' ' Cinema Romantico: The Fitzgerald Family Christmas

Tuesday, December 18, 2012

The Fitzgerald Family Christmas

When I went on IMDB in preparation for this review to acquire the names of all the actors in the many roles I realized that I could not tell most of the actors apart. And this reminded me that while watching the film I could not tell most of the characters apart. This, however, is a compliment, not a criticism. To have seven kids in a three-bedroom household would no doubt lead to such overwhelming familiarity. At a certain point you stop recognizing who is in the bumper cars you keep bumping into and just notice the cars.


The Fitzgerald family has been reeling ever since their father, Big Joe (Ed Lauter), struck it rich and ditched they and their mother and their working class Long Island neighborhood for the bright lights. Now it’s Christmas, he is dying of cancer, because of course he’s dying of cancer, and he wants back into their lives for at least one night. Thus, self-appointed family matriarch Gerry (Edward Burns), the one left to tend to his mother and his father’s business when he split, goes about eliciting opinions of each sibling as to their father’s wish.

Written and directed by Burns, he ably plays the lead role with a lackadaisical charm perfect for navigating the incessant squabbling of such a sprawling family. He also provides himself with a love interest strikingly played by Connie Britton because, well, I’m fairly certain Burns is incapable of writing himself a role without a requisite love interest. Though, rest assured, each brother and each sister comes equipped with his or her own traditional bit of yuletide drama. A brother is dating a woman too young for him and a sister is dating a man too old for her. A sister is in the midst of divorce and another sister is pregnant AND in an abusive relationship and a brother just got out of rehab……ON CHRISTMAS EVE. Etc., etc., etc.

Yes, yes, yes, I know what you’re thinking. But you know what? This is the sorta s--- that happens to people. People get sick and people get divorced and people end up in relationships they shouldn’t be in and people get hooked on drugs and alcohol. And it’s Christmas – “a time for people with love in their lives” as Billy Mack once sagely observed – when these issues are magnified. And Burns, deftly, IMPROBABLY, does not over play any of it because he plays as, well, the sorta s--- that happens to people.


Magical resolutions do not beckon. The flight of Santa’s sleigh will not tender good will for all. The Fitzgerald Family’s roots of despair run deep but they are, after all, a family and a Catholic family can take off the gloves long enough to go to Mass on Jesus’s birthday and then have a big dinner and pretend everything is okay for a few hours even if it isn’t.
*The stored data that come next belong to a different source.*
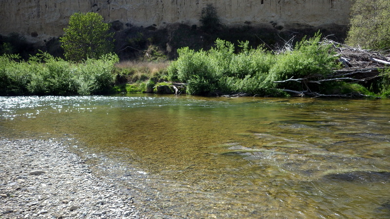 Fly Fishing 2015/10/22 Gale doesn't stop... さあ、明けて月曜日です。 いつもは日曜日にガッツリと丸一日釣って、月曜日はゆっくり昼から半日とかが多いんですが、今週は昨日釣れなかったので、そうゆっくりしてもいられません。 今シーズン初のホームリバー釣行で楽しみだし、頑張って朝から出撃(といっても8時過ぎに出発)です。 昨日ダメだった川で解禁から2週連続でいい釣りをしたものの、最初の週は月曜日の釣行で、先週が日曜日だった。先週は釣れたし、釣り人はいなかったが川遊びやピクニックの人がけっこういたのは気になっていた。だからこの川はやるなら平日かなと思っていたんです。そんなわけで、4WD軍団の登場は想定外だったけど、一方ではああやっぱりという部分もあった。 本来今週は日曜日がホームリバー、月曜日が昨日の川のプランだったのを逆にしたのはホームリバーの水位の問題だったのだ。 英語では”Median Level”とか”Mean Flow”とかいいますが、この川の標準レベルはこのポイントで11cumecs程度。基本的にこの川でまともな釣りが成立するのはこのMedian Level以下の時だ。 昨シーズン終わり間際の4月の2-3週目に水位がMedian Levelを超えてから、冬の間はずっとこのラインより上だった。それがだんだん下がってきて、10月16日金曜日にようやくこのラインにタッチして、これはいけると思っていたが、夜にまとまった降雨があって、17日土曜日には再びライン上の12-13cumecs付近まで上昇。昨日の川と違って、この川はとても濁りやすいので怪しくなった。 でもとりあえず今シーズン初めて、ホームリバーの川の状態を見たいというのもあって、少しでも水位が下がって濁りも引くように、あえて順番を入れ替えて釣行しました。 Central Otagoの景色を満喫できる、大好きなホームリバーに向かうルート。 夏場は枯れた荒涼とした景色になるけど、春はグリーンがあってまたキレイです。 しかし前年ながら昨日からの強風がまだ止まない。 運転中もビュービューとかなり風が強そうな音が続いている。 ホームリバーに着いた。 ああ~、やっぱり濁ってるし、水が多いなあ。。 もともとタンニンカラーの水色のこの川だから、どうしようもないほどの濁りではないけど、良くはないといった感じ。 水色より問題なのは水量とこの強風ですね。 とりあえず準備して、少し川を歩いてみたがすぐに止めた。 よし、プランBに移行しよう。 今日のプランBとはこの川の支流を釣ること。 もう30kmほど上流の支流に向かう。 ホームリバーの重要なスポーニングストリームの一つといわれているこの支流。 夏季はものすごく水が少なくなってしまう小さな川で、この川を釣るならまだ水量があって、冬に産卵に上がった魚が本流にドリフトバックしてしまう前のシーズン初めの2ヶ月と、シーズン最後の4月に次の産卵で魚が川に上がり始める頃。つまり今月、来月はチャンスということ。 4月に一度見に来たことがあるが、水が少なくて魚は全くいなかった。だからまだここで魚を釣ったことはない。 先週まではもっと水があったようだったが、すでにかなり減ってきている。それでも4月に見た時よりはまだ全然ましだ。 さあ、どうかな~? まずエントリーポイントから1kmほどダウンストリームに歩いて、そこからスタート。 水深のあるプールは少ないけど、所々にブラインドでもしかしたらという感じのスポットがある程度。 サイトで見える魚いないなあ。。 相変わらす風が強くて、いい加減イヤになってくる。 ダメかなあ?魚いないし。。 ほとんどあきらめ気味で、もう少しでエントリーポイントまで戻るちょっと手前で、ようやく1匹発見した! 流れを遮る形で横たわっている倒木の裏にある、ちょっとしたポケットウォーター。 この画像でもほぼ中心にはっきりと見えますね。 コレはもう少し引いて撮った画像。 実は下から釣り上がってきて、魚を見つける前に中州からブラインドでポケットに数投アプローチして、反応がないので画像下のグリーンの高台に渡った時に横目で魚を発見した。 何だ、やっぱりいたんじゃないか。 けっこう深くて、魚はボトムにベッタリだな。 なかなかいいサイズで、推定60cmくらいのやつか? ドロッパーが短すぎて、ニンフが魚の視界に入らなかった可能性もある。 今日はそんなにチャンスは多くなさそうだから、こいつは絶対に仕留めたいところだ。 慌てずに、まずは70cm程度だったドライ&ニンフのドロッパーの長さを1.2mくらいに長く。そしてリードワイヤーでウエイテッドの軽めのニンフから2.3mmのタングステンビーズ#12フェザントテイルニンフに変更。 タイミングを見計らって、グリーンの高台からリーダーキャストでフライを投入。 フライは上流を向いている魚の左横に落ちた。 う~ん、ちょっとどうかな~? って位置で、もう一度投げ直すか迷ったが、倒木の裏は流れが止まっているのでしばらく放置してみる。 すると、急にブラウンが左回りに反転してスーッとニンフに向かっ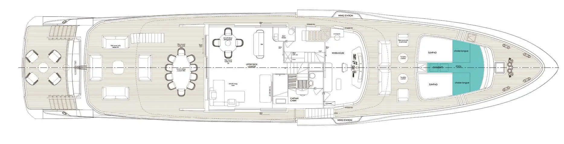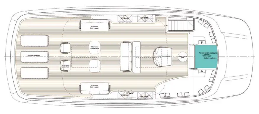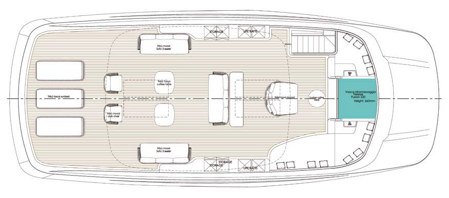 The sundeck has a glass jacuzzi pool up front, day beds, bar and lounge amidships under a hardtop, and open-air space for sun loungers aft. The upper deck level has full walk-around decks linking the outdoor guest zones fore and aft. The Portuguese bridge on the forward coachroof has built-in seats and sunpads as well as the pool, while the aft deck features a dining area under the sundeck overhang and open-air lounge aft. The main deck aft cockpit is a partially shaded lounge with companionways running forward outside the saloon to amidships.
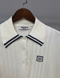 Miu Miu white cotton knit polo shirt Great condition Size 40 Authenticity guaranteed. Every item is 100% genuine, carefully inspected, and exactly as shown in the photos. Extra inspection. Each item goes through a second inspection before shipping. Then we pack, ship and upload tracking. Shipping and delivery. Orders are processed within 3-6 business days, then packed and shipped worldwide via DHL, UPS, USPS, FedEx. Enjoy the style, enjoy the experience, and thank you for shopping with Devines.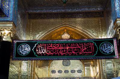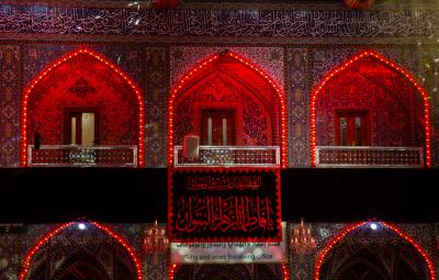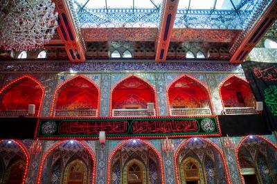 Atabatu Abbasiyya tukufu na korido zake zimewekwa mapambo meusi na kuta zake zimefunikwa vitambaa vyeusi vilivyo andikwa maneno yanayo ashiria huzuni katika kukumbuka kifo chake.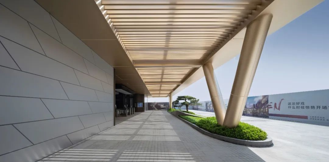 建筑的精美与否在于细部的设计,堂客厅延续了金地至尚的创新风格,应用现代化的材料铝板,将建筑的美融入环境和创新概念。随着太阳、月光和灯光的变化,香槟色格栅的光影映在银白色铝板上,通透明亮、灵动美观,给精致的入口带来了动态的美。

In an early moment Michael McGlone’s older brother Quinn has the film’s key line when his sister Sharon (or was it Erin?) is grilling him and he and she and we realize he does not know where she went to high school, where she went to college, or even how old she is. She is flabbergasted. He says: “I don’t know you from Adam but you’re my little sister and I love you.”

3 comments:

Derek Armstrong said...

I'd like to see this one so I'm not reading your review right now, but let me ask you this: How did you get it? Did you have to do VOD? I may have been looking at my DirecTV wrong the other day, because the VOD options seemed extremely limited.

Alex Withrow said...

I’m a huge admirer of Edward Burns’ films, and I really enjoyed this one. And damn man, you nailed the sentiment of the movie quite flawlessly. Is their family a tad too big? Yeah, but some people have big families. Is there too much bad shit going on in their family? Yeah, but bad shit happens to families. It’s sentimental but overly so. It just… works.

Glad you dug this one!

Nick Prigge said...

Vance: I did watch it on VOD. Although RCN is my cable provider. Is it available for everyone regardless of provider? I have no idea how those things work.

Alex: You're right, it is sentimental but definitely not in that overdone syrupy sort of way. Which is really, really tough to pull off.